Note also the sections on descendants of Earth's Indigenous Australians and their relationship with far-future versions of our-reality 19th-century clipper ships — "membrane ships — in Space War Blues sailing the interstellar winds, with the unencumbered (or protected) sailors in the rigging usually experiencing joy and contrasted strongly with "the meat": "the men and women who are carried like freight in the iron bellies of the membrane ships" and any of the "meat" who venture onto the "outer decks" "Clad in huge and cumbersome spacesuits" (pp. 37-38, 39; ch. 1). The very high tech of the "collapsed matter" and "agonized-matter principle" of the membrane ships may be technobabble, but sounding up-to-date even in 2022 (pp. 38-39; ch. 1).
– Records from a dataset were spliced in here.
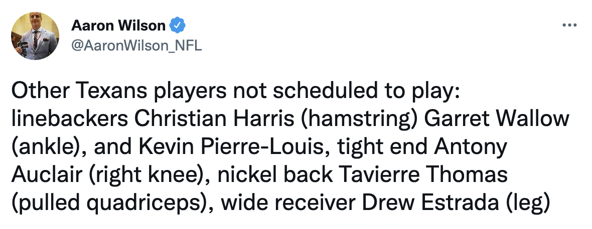 The Texans are going to be missing a handful of players, according to Aaron Wilson of Pro Football Network: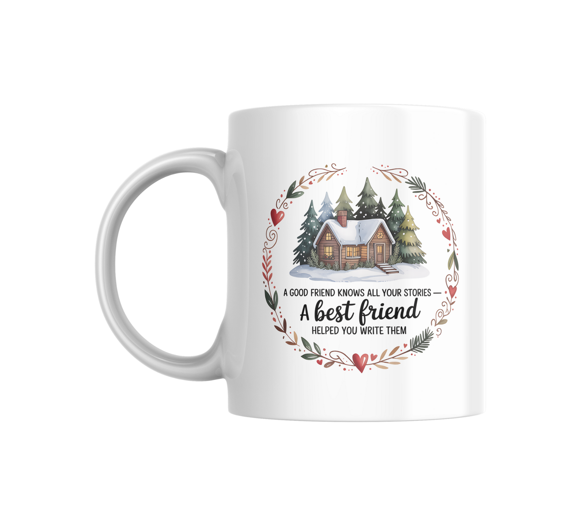 Celebrate the magic of friendship this holiday season with our Best Friend Christmas Cabin Mug. Featuring a heartwarming snowy cabin design framed by festive greenery and red accents, this mug carries a touching message: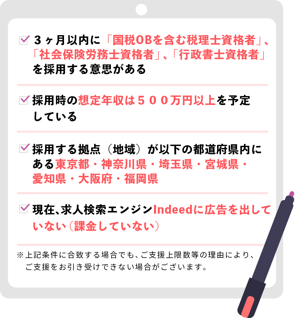 - 業務領域を拡大するために社労士や行政書士資格者を採用したい…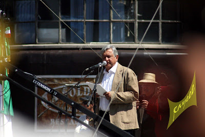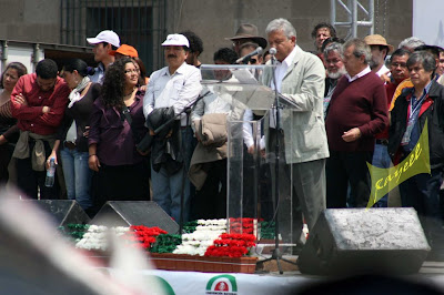 - Desde las campañas para la presidencia de la República, grupos empresariales aliados con el PAN lanzaron campañas llenas de calumnias y mentiras para hacer ver a Obrador como un hombre violento, y todos los días se miente en los medios cada vez que pueden para decir que el promueve la violencia, pero yo nunca he escuchado que el promueva acto alguno de violencia, lo único que el ha pedido a los miles y miles de simpatizantes es lo que el hace con su ejemplo: mantener su convicción, su lucha, su tenacidad para repudiar con su el trabajo diario y alzar la voz contra la corrupción que ha caracterizado a los gobiernos del PRI y del PAN, él por el contrario siempre ha sugerido que sean movimientos pacíficos, nunca por la vía de la violencia y menos por al armada.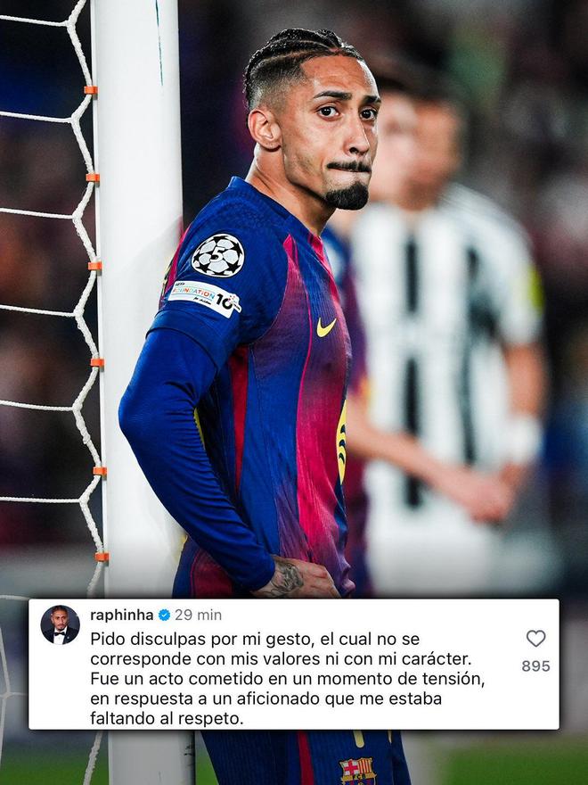 DAZNFutbol的独家视频在Instagram迅速传播。24小时内,拉菲尼亚主动在该视频下留言道歉:「对不起,我的手势——这不是与俱乐部价值观一致的行为。」

NOTE/CAUTION: In one section of the fixup, Lupoff experiments in a moderate way with gender-free pronouns. Much longer sections are written with what the Wikipedia entry describes as "an attempt to represent (orthographically) vernacular English of the southern states of the USA."[7] The exercise of reading aloud "Ladle Red Rotten Hut"[8] would be good preparation for reading these chapters; they cannot be speed-read or read with the look-say/"whole word" protocol.